Thinking of borrowing money to fund your legal fees?
Paying your legal fees
Relevant across multiple law types
Many people are faced with the practical problem of paying their lawyers’ fees if they have a legal matter that they need to deal with. We talk elsewhere on our site about how this could be tackled with things like Legal Expense Insurance, Conditional Fee Agreements, Damages Based Fee Agreements, other contingency and “no win, no fee” agreements, Legal Aid, and fixed fees.
But for many people it will boil down to just having to find the money to pay the lawyers’ fees. Some people are fortunate enough to have money available, but many must borrow money.
There are informal borrowing arrangements such as “the bank of mum and dad” or friends and family.
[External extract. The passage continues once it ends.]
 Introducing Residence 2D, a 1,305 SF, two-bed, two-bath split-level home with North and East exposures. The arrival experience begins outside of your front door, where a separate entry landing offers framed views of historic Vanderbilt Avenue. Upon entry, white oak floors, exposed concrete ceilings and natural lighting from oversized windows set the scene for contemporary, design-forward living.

It is also possible to arrange a formal bank loan or use a credit card. Some solicitors can arrange formal loans to fund legal fees for you. However, in all those instances it is vital to check and understand how much it is going to cost you and whether you can afford it.
That also means understanding how long the matter is going to go on for, how much you may need to borrow, and when you’ll be able to pay it back.
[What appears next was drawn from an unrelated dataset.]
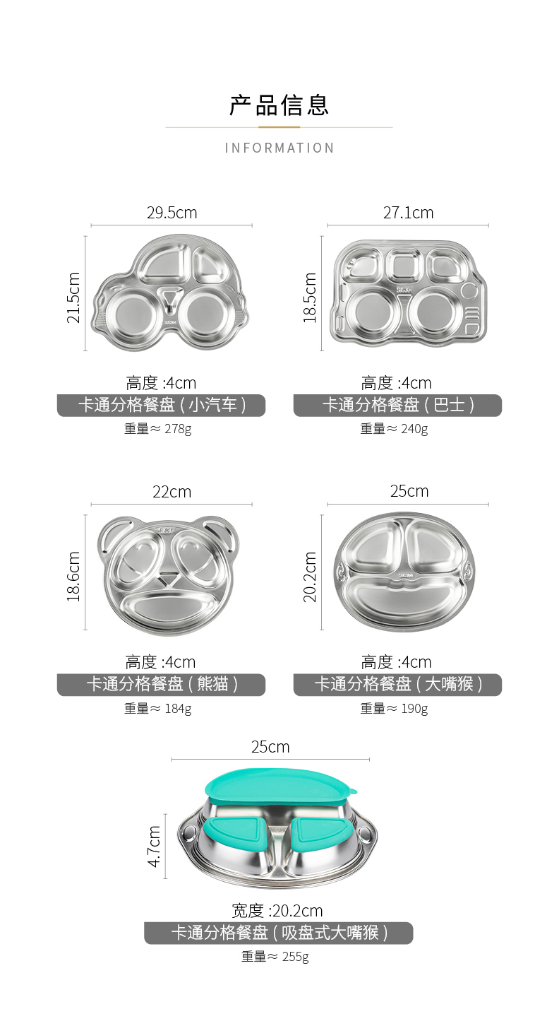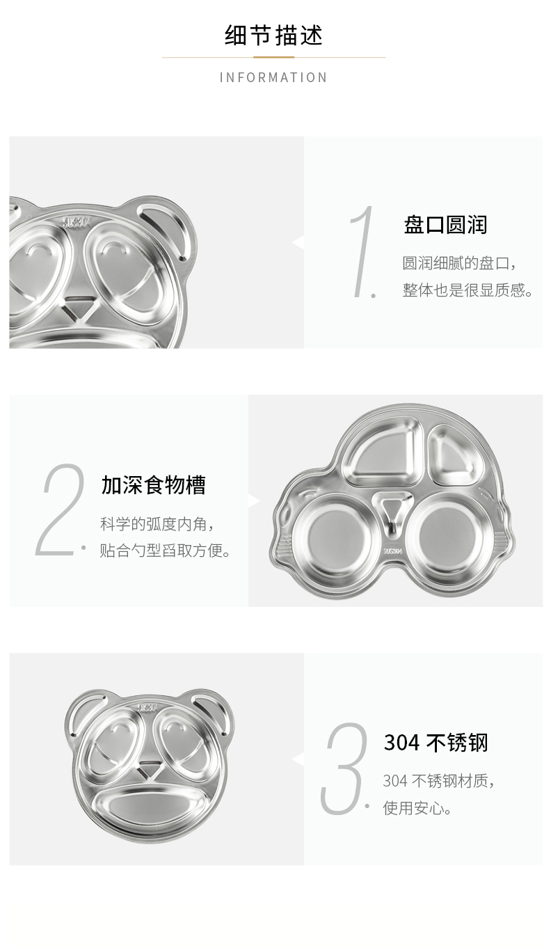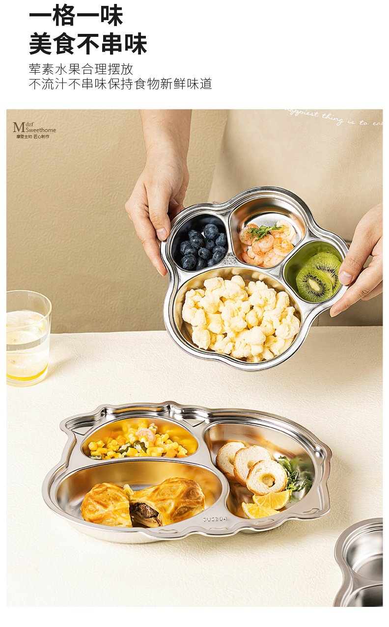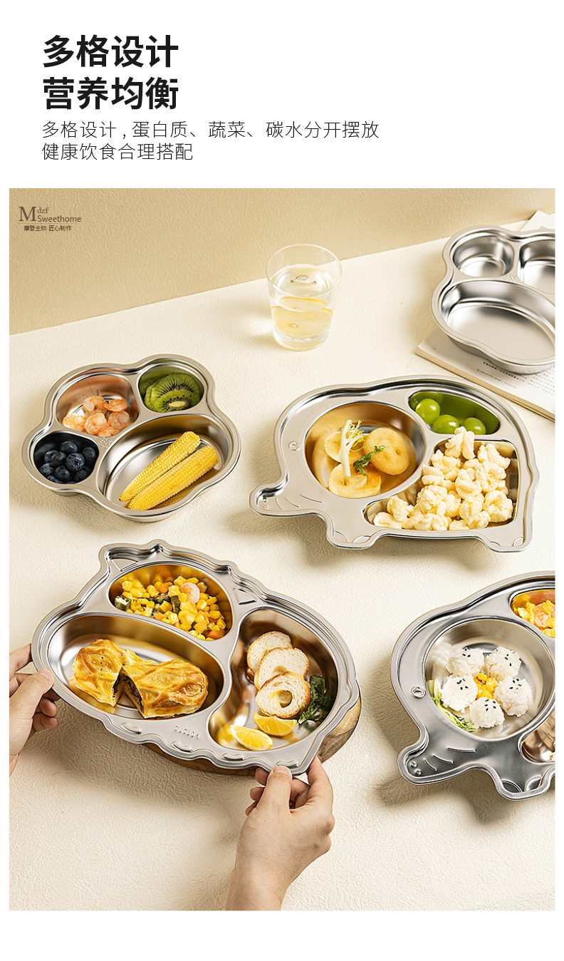 摩登主妇饭盘儿童餐盘分格不锈钢食品级男女孩幼儿园宝宝餐具分隔

It may be a problem, for example, to borrow on a credit card, which is usually short-term debt with relatively high interest rate, to fund a divorce. You might think you are going to get some money in the divorce settlement to pay back the credit card quickly, only to find that the divorce goes on for years, and your credit card interest racks up enormously because of the interest. The same can be said for other forms of high interest borrowing.
Even if you are borrowing from friends or family you need to be as clear as you can about how much you are going to need and when it will be paid back, to avoid falling out later. That means discussing what the likely legal fees are going to be with your lawyer and how long the case will go on. Very few lawyers will give guarantees on that because some things are outside their control, but they should be able to give you some informed guidance.
Some lawyers will wait for their fees. This is not the same as a no win no fee agreement because you are still liable for those fees whatever happens. The lawyer is just deferring receiving payment while, for example a house is being sold. Many lawyers will not offer that because it amounts to a loan, they are not in the business of being loan providers. However, if a lawyer has normal payment terms of say 30 days from raising an invoice and you believe that you have agreed different payment terms it is important to get that in writing, otherwise you could find yourself being required to pay the fees before you were anticipating.
For that reason, you should read the agreement about payment of fees, that the lawyer should send you at the start of your case, and make sure that you are happy with how they will calculate their costs, when they will raise invoices and when they expect payment. If you must borrow money to fund the matter, then knowing all of these will help you assess what you will need to borrow and for how long.
If you think you have agreed one thing with the lawyer about payment, but the written agreement says something else, then you need to get clarification in writing. It’s important that both you and your lawyer are clear from the outset what you have agreed about payment because it will save a lot of difficulties later, when the bills are sent.